## About this task
Transcribe the entries below exactly, starting with the line that has "В номере: зеркало, кровать" and stopping after the line that has "根据基础电信企业业务运营特点"; no pictures belong in the copy.

## Material provided
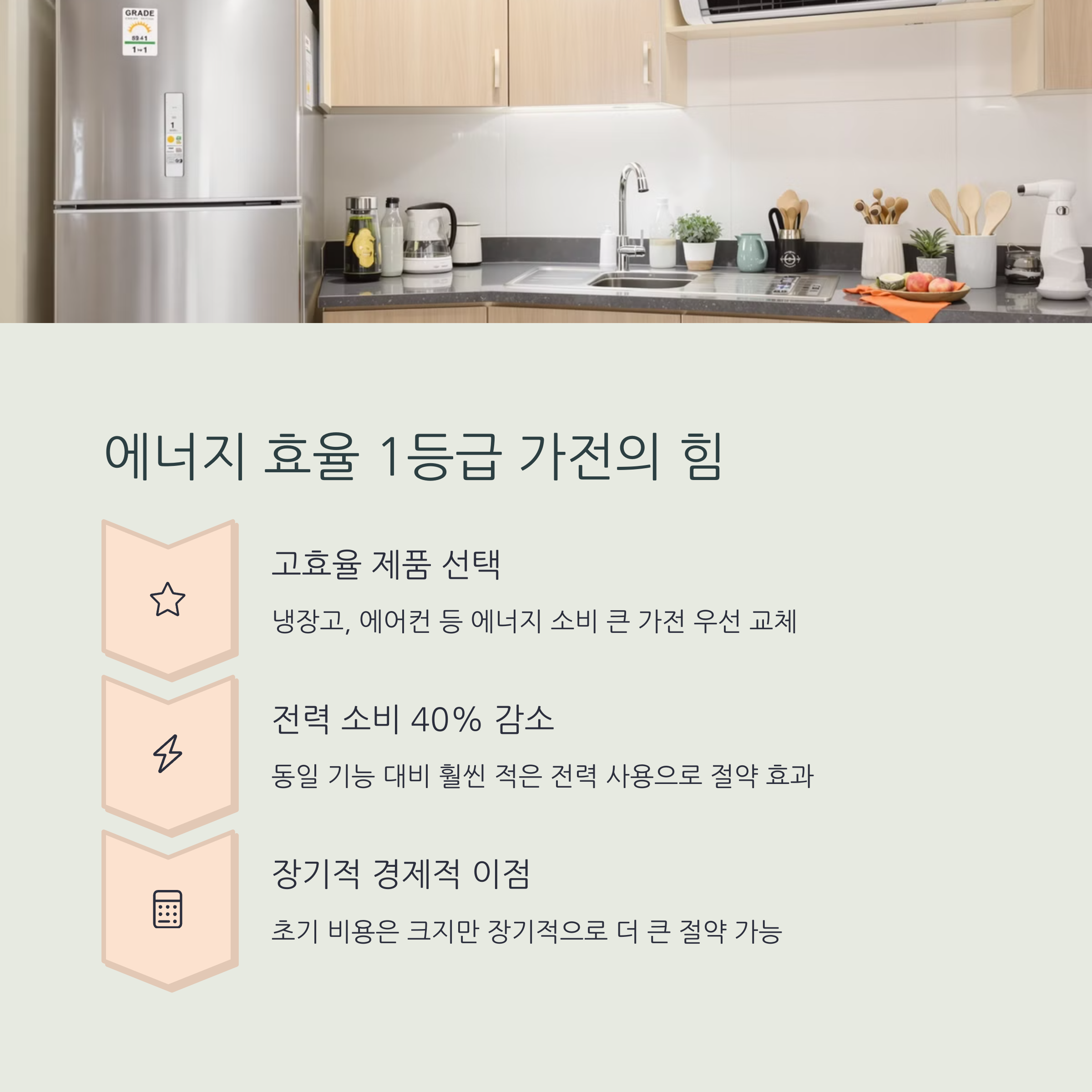 | 에너지 효율 1등급 | 고효율 가전 사용으로 월 평균 10% 이상 절감 |
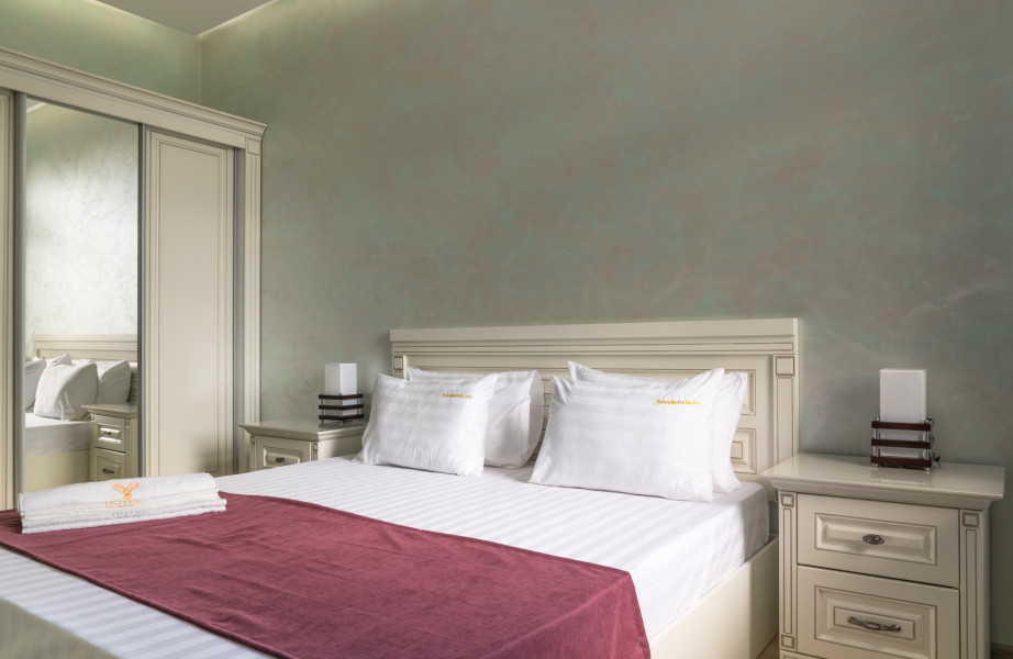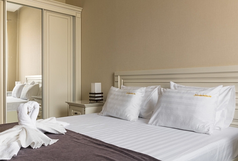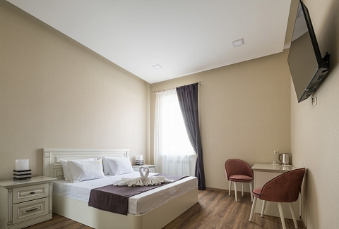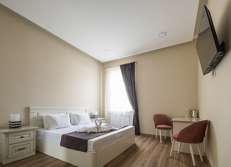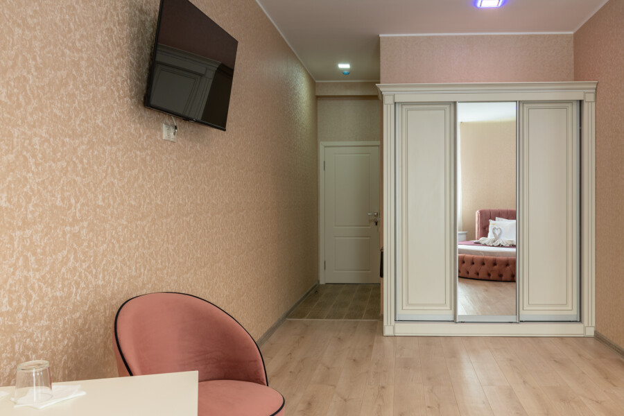 В номере: зеркало, кровать двуспальная, прикроватные тумбочки, стол, стулья, шкаф, телевизор ЖК, холодильник, электрочайник
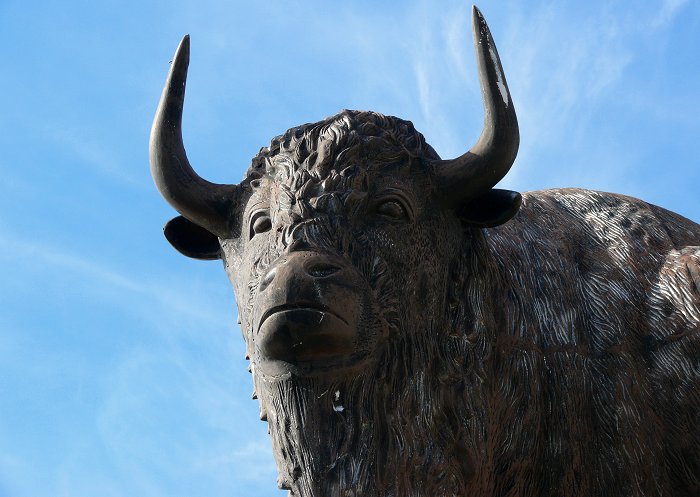 het land te bebouwen. We zien ook een bronzen bison.
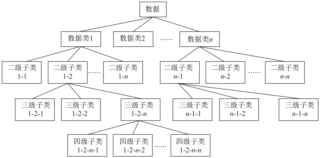 根据基础电信企业业务运营特点和企业内部管理方法收集企业内所有部门的数据资源,梳理所有数据资源。按照线分类法,按照业务属性(或特征),将基础电信企业数据分为若干数据大类,然后按照大类内部的数据隶属逻辑关系,将每个大类的数据分为若干层级,每个层级分为若干子类,同一分支的同层级子类之间构成并列关系,不同层级子类之间构成隶属关系。所有数据类及数据子类构成数据资源目录树,如下图所示。目录树的所有叶子节点是最小数据类。最小数据类是指属性(或特征)相同或相似的一组数据。为便于对数据进行统一管理及应用,根据基础电信企业生产经营管理现状和企业自身管理特点,将基础电信企业掌握的数据整合纳入两大类。
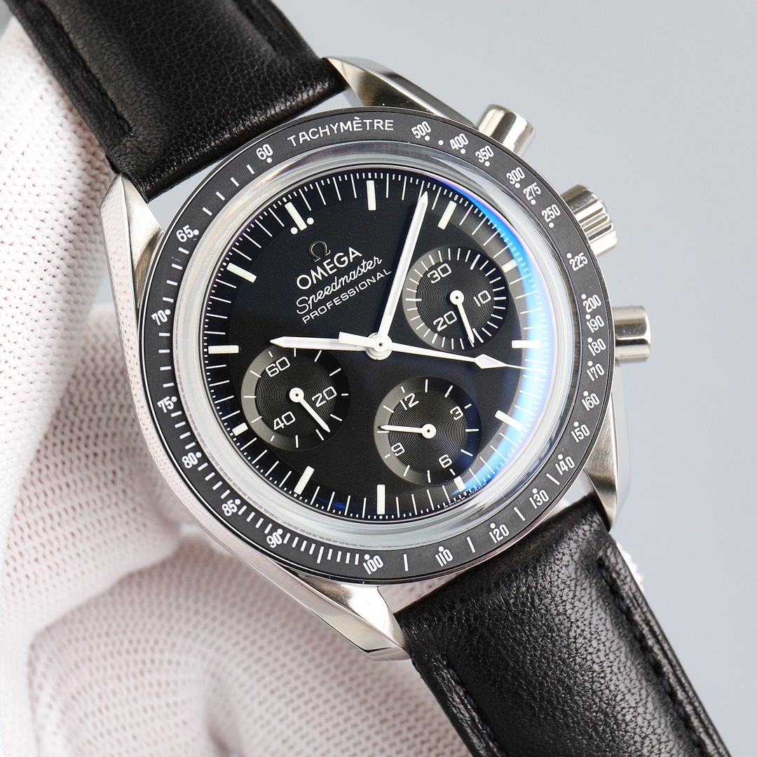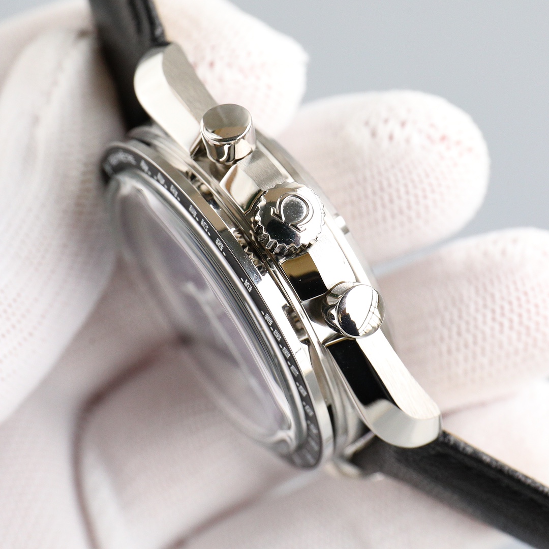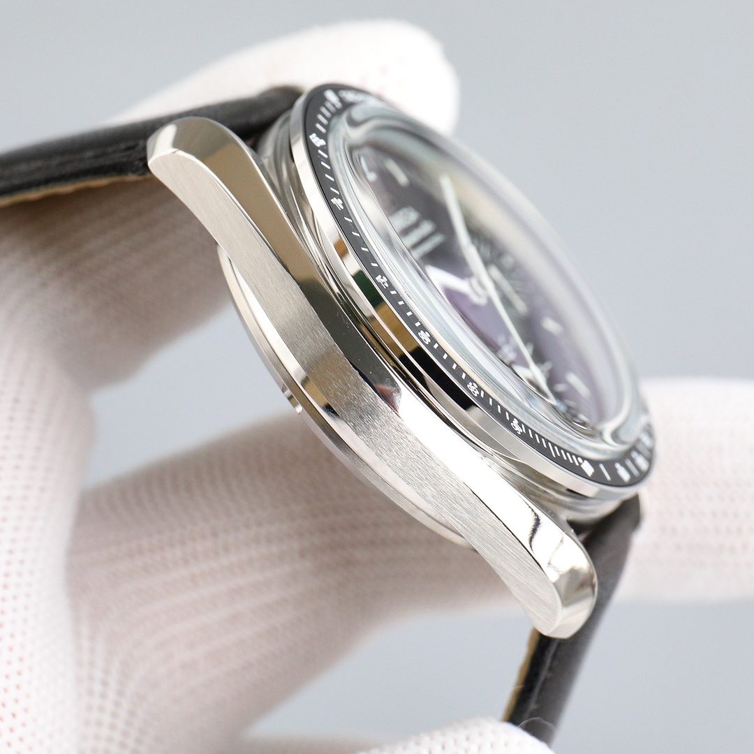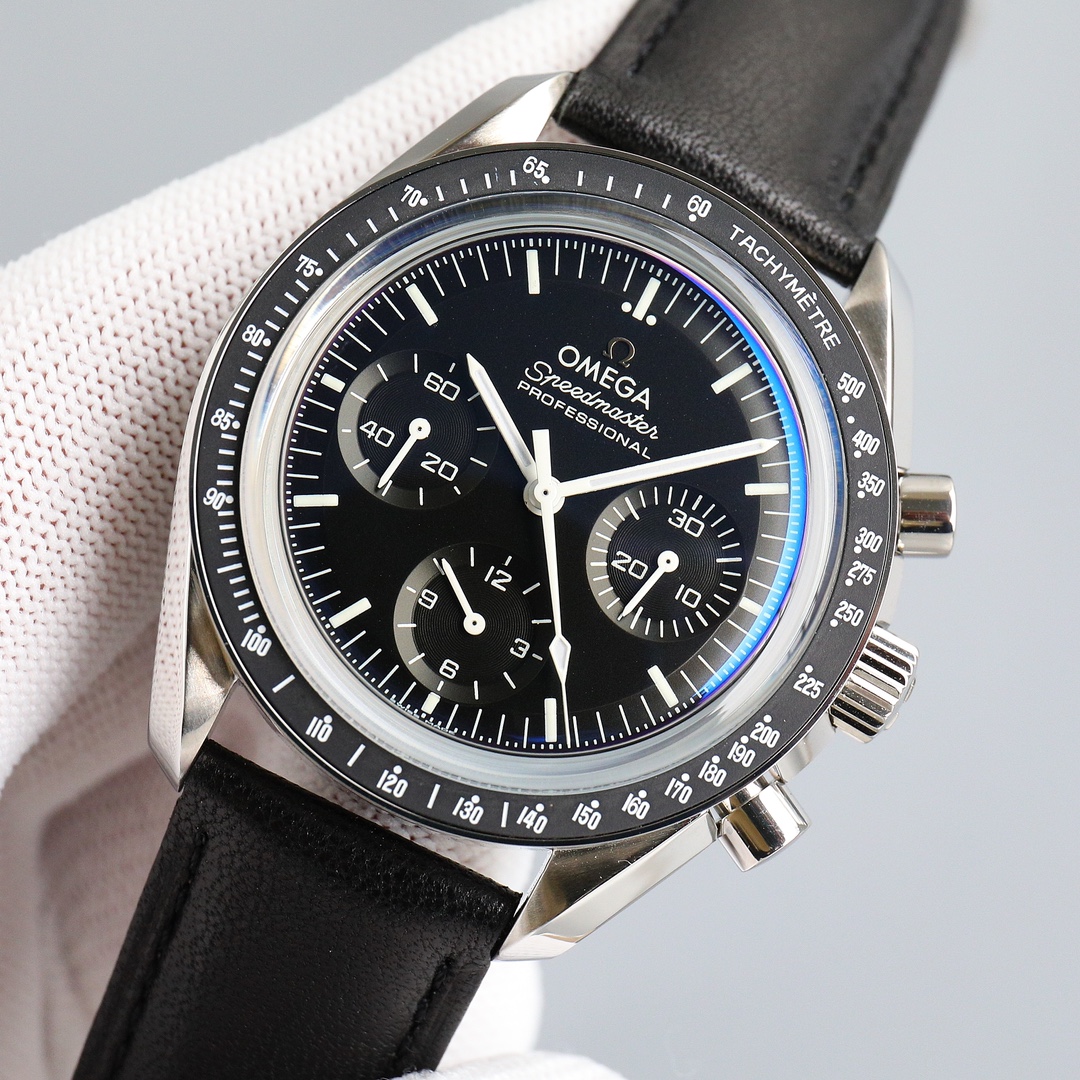 This Moonwatch is inspired by the style of the fourth generation Speedmaster watches. It comes with an integrated black rubber strap and is crafted from Moonshine 18K gold, giving it an elegant and timeless tone. The watch features a Moonshine 18K gold stepped dial with sunray brushed effect, blackened sub-dials and hour markers, a ceramic bezel adorned with a tachymeter scale made using OMEGA Ceragold technology, and the iconic Dot Over Ninety seen on early Speedmaster models, paying tribute to the illustrious lunar landing history of the Speedmaster.
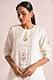 Featuring an off-white kurta in linen blend base with print and embroidery. It is paired with pants and a dupatta. Accentuate it with dangler earrings and flats for casual outings or family gatherings.
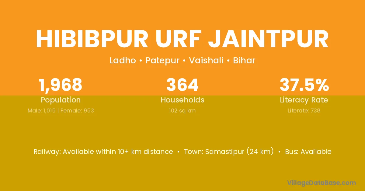 Samastipur (24 km) is the nearest town to Hibibpur Urf Jaintpur village for major economic activities and is located approximately 24 km away.
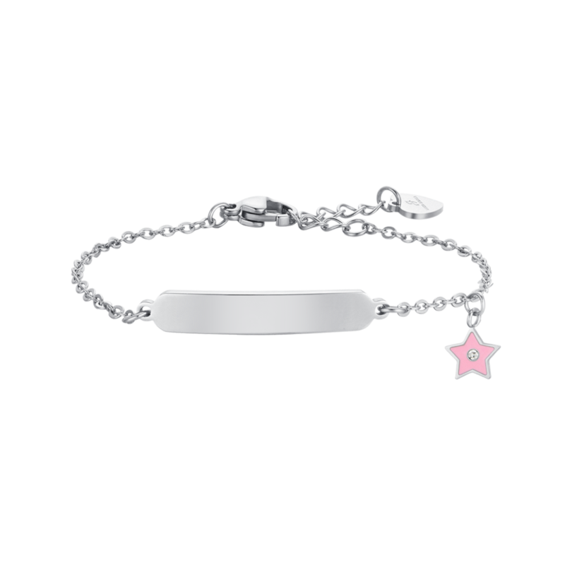 bracciale da bimba con stella rosa e targhetta da poter incidere, in acciaio 316l, lunghezza bracciale 14+2 cm
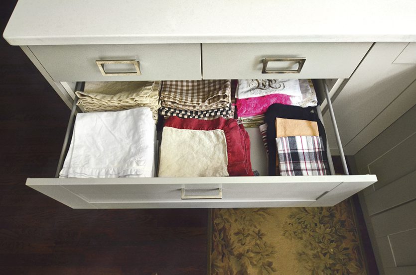 KM: No, I’m not that type. I can’t handle that kind of pressure. I think some people can do it, but I can’t. I even opted for frosted glass in the accent cabinets rather than clear glass, because I just didn’t even want to deal with it. I’m not at that level of organization! Just sitting and looking at an open counter is enough to drive me crazy.

## Solution to this problem
 В номере: зеркало, кровать двуспальная, прикроватные тумбочки, стол, стулья, шкаф, телевизор ЖК, холодильник, электрочайник
 het land te bebouwen. We zien ook een bronzen bison.
 根据基础电信企业业务运营特点和企业内部管理方法收集企业内所有部门的数据资源,梳理所有数据资源。按照线分类法,按照业务属性(或特征),将基础电信企业数据分为若干数据大类,然后按照大类内部的数据隶属逻辑关系,将每个大类的数据分为若干层级,每个层级分为若干子类,同一分支的同层级子类之间构成并列关系,不同层级子类之间构成隶属关系。所有数据类及数据子类构成数据资源目录树,如下图所示。目录树的所有叶子节点是最小数据类。最小数据类是指属性(或特征)相同或相似的一组数据。为便于对数据进行统一管理及应用,根据基础电信企业生产经营管理现状和企业自身管理特点,将基础电信企业掌握的数据整合纳入两大类。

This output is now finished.